Published by IEEE Transactions on Instrumentation & Measurement, 2021

IT-HYFAO-VO: Interpretation Tree-Based VO With Hybrid Feature Association and Optimization

Abstract

For the visual odometry (VO) and simultaneous localization and mapping (SLAM) in indoor environments, high-level geometric features have attracted more and more attention in recent years. Unlike the generally used point features, the geometric features, such as planes and lines, encode more higher-level semantic information of the scene which is beneficial for various tasks of mobile robots. In this article, an RGB-D VO system with hybrid high-level geometric features is developed. An interpretation tree (IT)-based hybrid feature association framework is proposed, which turns the feature association into a multiple-hypothesis decision problem. The IT expansion method is elaborately designed. Specifically, an internode consistency is proposed for generation of hypotheses and a consistent transformation model (CTM) for each hypothesis is explicitly expressed and incrementally updated.

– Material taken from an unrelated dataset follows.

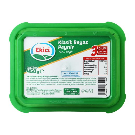 Ekici Beyaz Peynir uzun süre tazeliğini koruyarak sofralarınıza lezzet katan bir süt ürünüdür Sade olarak tüketilebileceği gibi börek poğaça ve omlet yapılarak da tüketilebilir. Kahvaltıların vazgeçilmez ürünü olarak Türk mutfağında özel bir yere sahip.

When the IT is constructed, a closed-form solution to the feature association and the camera transformation can be obtained. Then, a hybrid feature joint optimization method is introduced to further refine the pose estimate and parameters of geometric features. During optimization, the planes and lines are appropriately parameterized and the uncertainties arising from feature extraction are derived and used to balance the contributions of two types of features in the cost function. Extensive experiments are executed on public datasets and the results demonstrate that the proposed method can achieve higher accuracy and stronger robustness.

Keywords: High-level geometric features, joint multifeature association, RGB-D visual odometry (VO)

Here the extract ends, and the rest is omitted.